Hmm, I just did another mkfs once the devices where back, devices were
missing, but they re-appeared a few seconds later, without logging into
a terminal. After another mkfs, they were gone again and are now still
gone after waiting a few minutes. It's really weird, I can't really tell
what triggers this yet. Will test more tomorrow, let me know if you have
any more ideas what to try.

It looks like something made systemd think that it should tear down
the LUKS volumes, but it somehow only got /dev/dm-3 and not the
others, and then you logging in and triggering the creation of the
associated user slice somehow made it regain it's senses.  Next time
you see it disappear, try checking `systemctl status` for the unit you
have set up for the LUKS volume and see what that says.  I doubt it
will give much more info, but I suspect it will say it's stopped,
which will solidify that systemd is either misconfigured or doing
something stupid (and based on past experience, I'm willing to bet
it's the latter).

I will take a closer look at systemd when I get home. I would like to
point out that this sounds very related to these fairly recent systemd
issues:

https://github.com/systemd/systemd/issues/5781

https://github.com/systemd/systemd/issues/5866

So my best guess is that systemd is indeed doing weird stuff with
multi-device btrfs volumes.
Oh, it's known that systemd does weird stuff with multi-device setups, even if they aren't BTRFS, but this is odd behavior that I've not seen anything about before (I don't use systemd myself except on the reference VM's I have for the various distros that use it by default, so I end up hearing about this stuff through word of mouth).

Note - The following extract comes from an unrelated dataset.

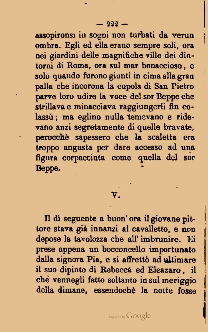Il dì seguente a buon' ora il giovane pit- ! tore stava già innanzi al cavalletto, e non depose la tavolozza che all' imbrunire. Ei prese appena un bocconcello importunato dalla signora Pia, e si affrettò ad ultimare il suo dipinto di Rebeccà ed Eleazaro, il ! che vennegli fatto soltanto in sul meriggio I della dimane, essendoché la notte fosse i
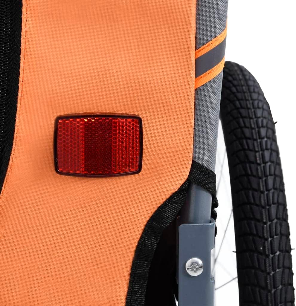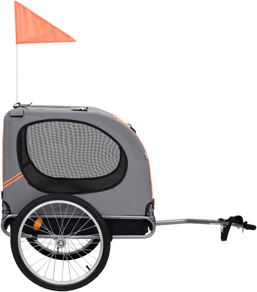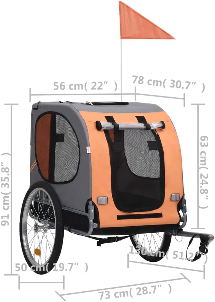 This dog bike trailer will be an ideal choice when you want to take a bike ride with your dog.This dog bike trailer has a sturdy steel frame and is made of oxford fabric that makes it water resistant, durable and easy to maintain. Its mesh windows on both sides allow for air circulation, while the front and back offer dual entry for added convenience. The pet bike trailer has a suspension for a smooth ride and a leash hook in the interior for attaching a dog leash. The reflectors on each wheel and on the back help keep you and your pet visible to others. The rotating safety joint ensures that the trailer remains standing if the bicycle falls over. The base is reinforced with a special lining which is non slip and moisture resistant. The dog bike trailer has a quick-release hitch for easy attachment to the bike. This dog trailer can be folded to save space when not in use. It is easy to assemble.Color: Orange and grayMaterial: Oxford fabric + steel frameOverall dimensions with drawbar: 51.2" x 28.7" x 35.8" (L x W x H)Cabin dimensions: 30.7" x 22" x 24.8" (L x W x H)Wheel diameter: 19.7"Weight: 23 lbWith 2 reflectors on each wheel and 2 reflectors on the backWith rain coverQuick-release wheelsA safety flag is also includedFoldable for easy storage or transportPlease note that it is not suitable for transporting childrenFabric: Polyester: 100%

That said, some of the discussion in that first issue you mentioned actually provides a possible explanation for some of the issues existing at all, namely that there appears to be a disconnect between how BTRFS actually behaves and how the systemd developers thinks it behaves (the question from Pottering about what's doing the 'assembly' is particularly interesting, given that there is nothing other than the kernel that does the equivalent of the 'assembly' step for an MD array or scanning for an LVM array).